Category

Reads Manipulation


Usage

umi_tools dedup [OPTIONS] [--stdin=IN_BAM] [--stdout=OUT_BAM] > OUTFILE


Manual

Deduplicate reads based on the mapping co-ordinate and the UMI attached to the read. The identification of duplicate reads is performed in an error-aware manner by building networks of related UMIs (see --method). dedup can also handle cell barcoded input (see --per-cell).

For every group of duplicate reads, a single representative read is retained.The following criteria are applied to select the read that will be retained from a group of duplicated reads:

  1. The read with the lowest number of mapping coordinates (see --multimapping-detection-method option)
  2. The read with the highest mapping quality.
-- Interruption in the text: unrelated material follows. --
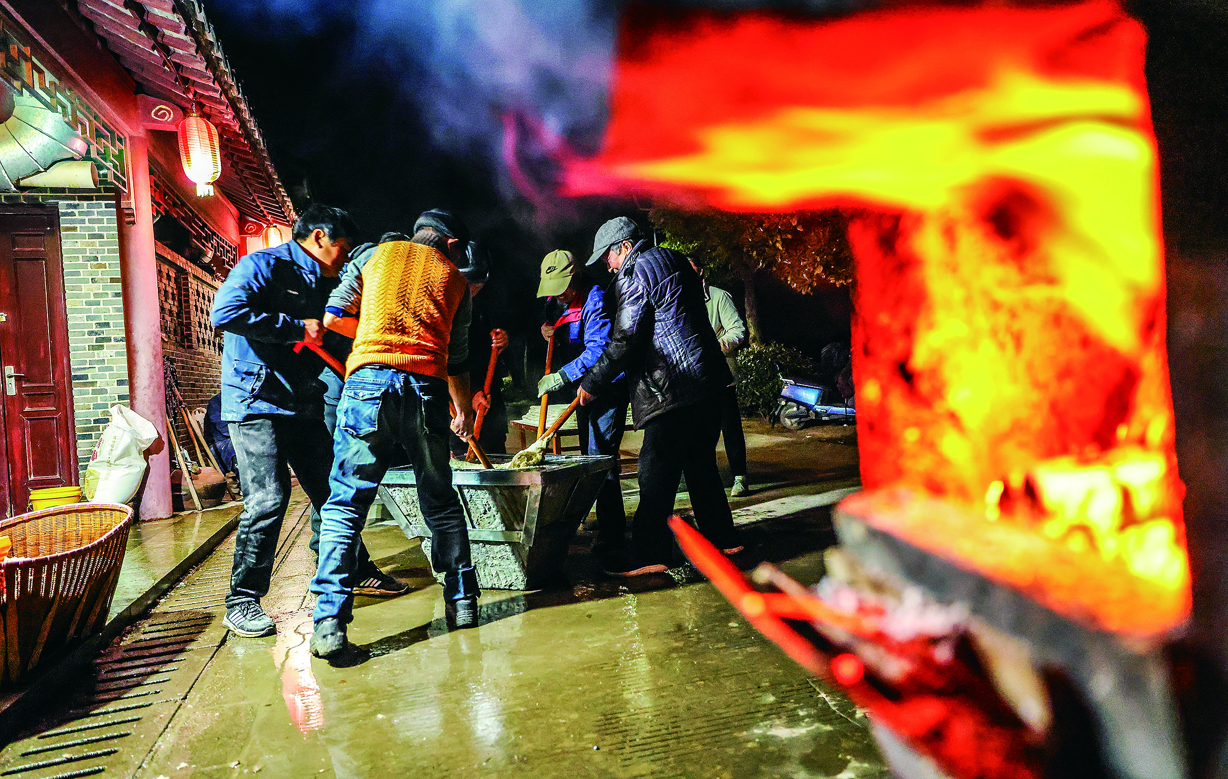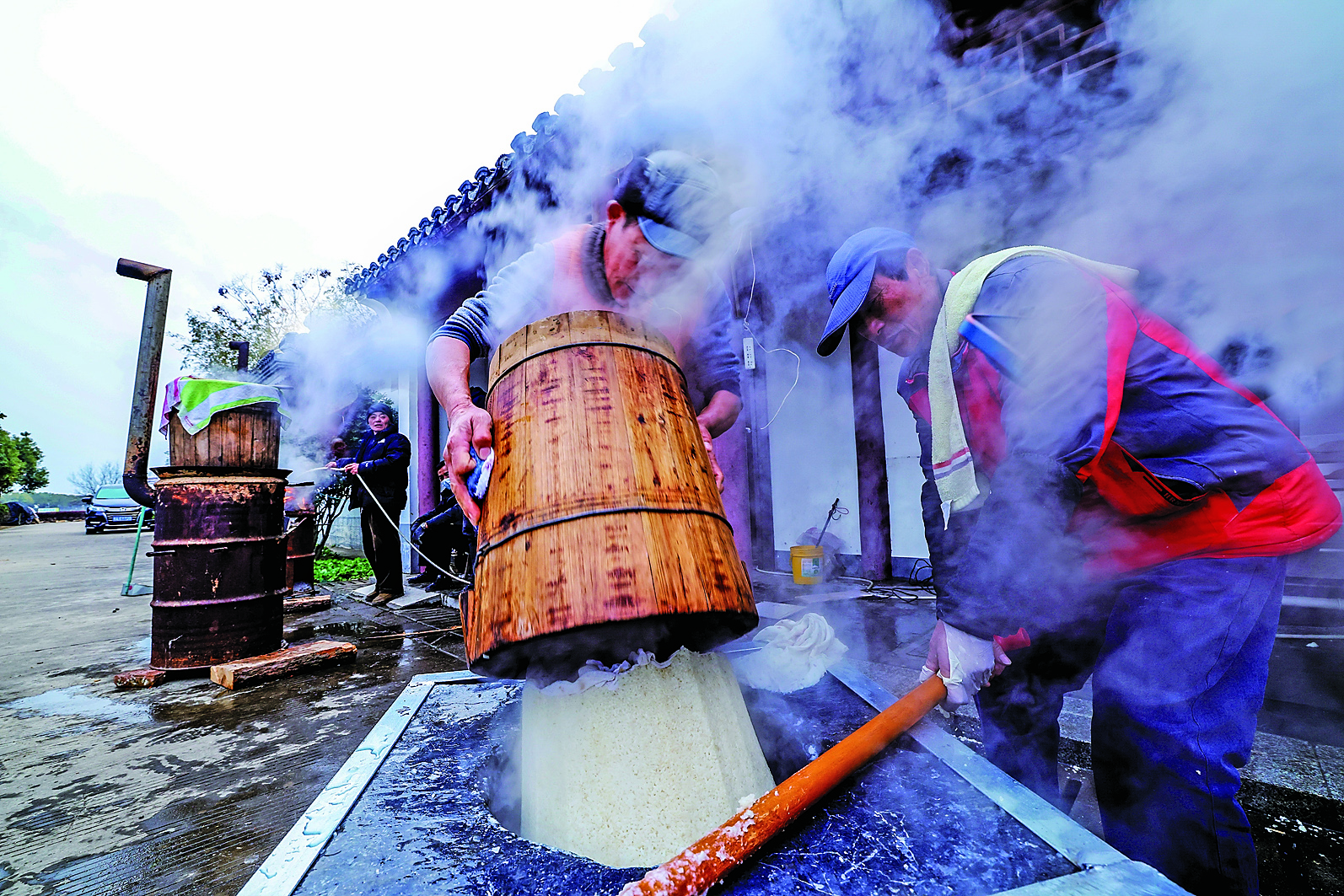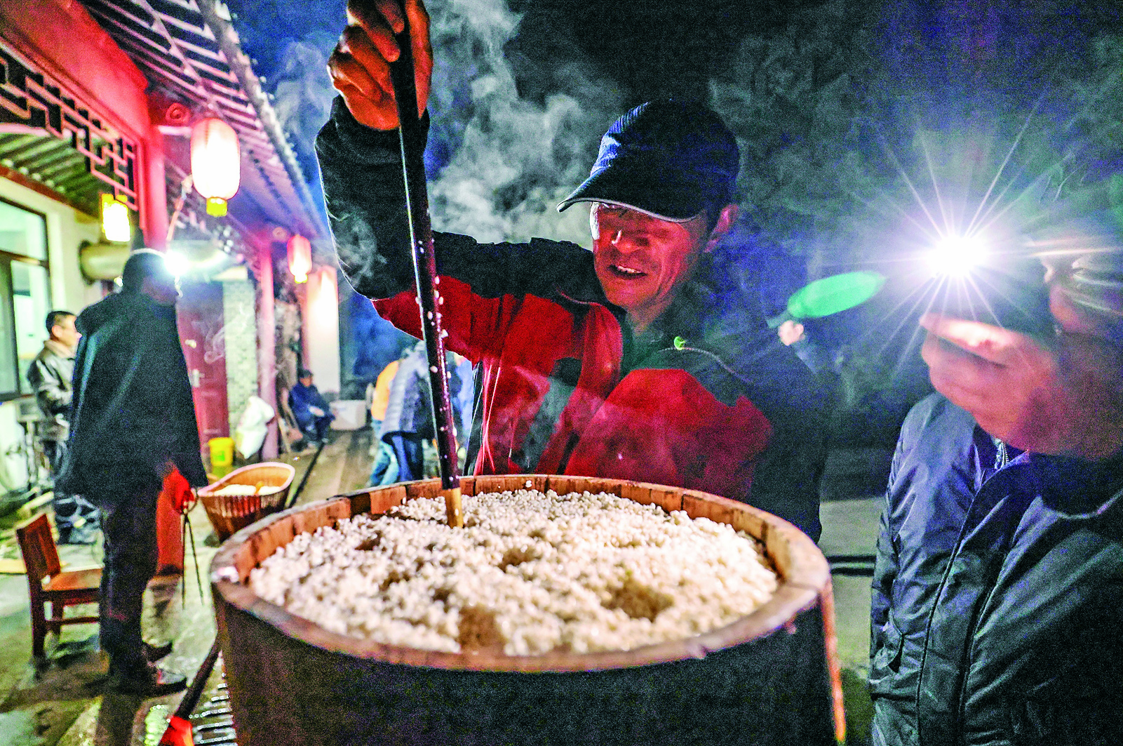 泡好的糯米粒粒饱满,被村民盛入木甑中,旺火蒸腾,白雾袅袅,清甜的米香裹着热气在院落里散开,这是八卦村人最熟悉的年节味道。待糯米蒸得软糯黏香,便迅速倒入厚重的青石臼中,六名村民各持一根木质糍粑棍,围着石臼合力舂打,众人边打边缓缓转动,口中齐声喊着浑厚的号子,木棍起落随号子节奏铿锵,每一下都是常年劳作练出的默契,舂打途中小心将糍粑翻身,确保通体捶打得细腻黏糯,这场忙碌从清晨一直持续到夜间。

Note that this is not the read sequencing quality and that if two reads have the same mapping quality then one will be picked at random regardless of the read quality.

Otherwise a read is chosen at random.

Options

Dedup-specific options
  • --output-stats=STATS: Specify location to output edit distance statistics and UMI usage statistics. Output files are: 
    • [PREFIX]_stats_per_umi_per_position.tsv: Histogram of counts per position per UMI pre- and post-deduplication
    • [PREFIX]_stats_per_umi_per.tsv: Table of stats per umi. Number of times UMI was observed, total counts and median counts, pre- and post-deduplication
    • [PREFIX]_stats_edit_distance.tsv: Edit distance between UMIs at each position. Positions with a single UMI are reported seperately. Pre- and post-deduplication and inluding null expectations from random sampling of UMIs from the UMIs observed across all positions.
Barcode extraction options

It is assumed that the FASTQ files were processed with umi_tools extract before mapping and thus the UMI is the last word of the read name. e.g::

@HISEQ:87:00000000_AATT

where AATT is the UMI sequeuence. If you have used an alternative method which does not separate the read id and UMI with a "_", such as bcl2fastq which uses ":", you can specify the separator with the option --umi-separator=, replacing with e.g ":". 

Alternatively, if your UMIs are encoded in a tag, you can specify this by setting the option --extract-umi-method=tag and set the tag name with the --umi-tag option. For example, if your UMIs are encoded in the 'UM' tag, provide the following options: --extract-umi-method=tag and --umi-tag=UM

Finally, if you have used umis to extract the UMI +/- cell barcode, you can specify --extract-umi-method=umis

The start position of a read is considered to be the start of its alignment minus any soft clipped bases. A read aligned at position 500 with cigar 2S98M will be assumed to start at position 498.

  • --extract-umi-method=GET_UMI_METHOD: how is the read UMI +/ cell barcode encoded?
    • read_id (default): Barcodes are contained at the end of the read separated as specified with --umi-separator option

    • tag: Barcodes contained in a tag(s), see --umi-tag/--cell-tag options

    • umis: Barcodes were extracted using umis (https://github.com/vals/umis)

  • --umi-separator=UMI_SEP: separator between read id and UMI. Default: _
  • --umi-tag=UMI_TAG: tag containing umi
  • --umi-tag-split=UMI_TAG_SPLIT: split UMI in tag and take the first element
  • --umi-tag-delimiter=UMI_TAG_DELIM: concatenate UMI in tag separated by delimiter
  • --cell-tag=CELL_TAG: tag containing cell barcode
  • --cell-tag-split=CELL_TAG_SPLIT: split cell barcode in tag and take the first elementfor e.g 10X GEM tags
  • --cell-tag-delimiter=CELL_TAG_DELIM: concatenate cell barcode in tag separated by delimiter
UMI grouping options
  • --method=METHOD: method to use for umi grouping. All methods start by identifying the reads with the same mapping position.

    The simplest methods, unique and percentile, group reads with the exact same UMI. The network-based methods, cluster, adjacency and directional, build networks where nodes are UMIs and edges connect UMIs with an edit distance <= threshold (usually 1). The groups of reads are then defined from the network in a method-specific manner. For all the network-based methods, each read group is equivalent to one read count for the gene.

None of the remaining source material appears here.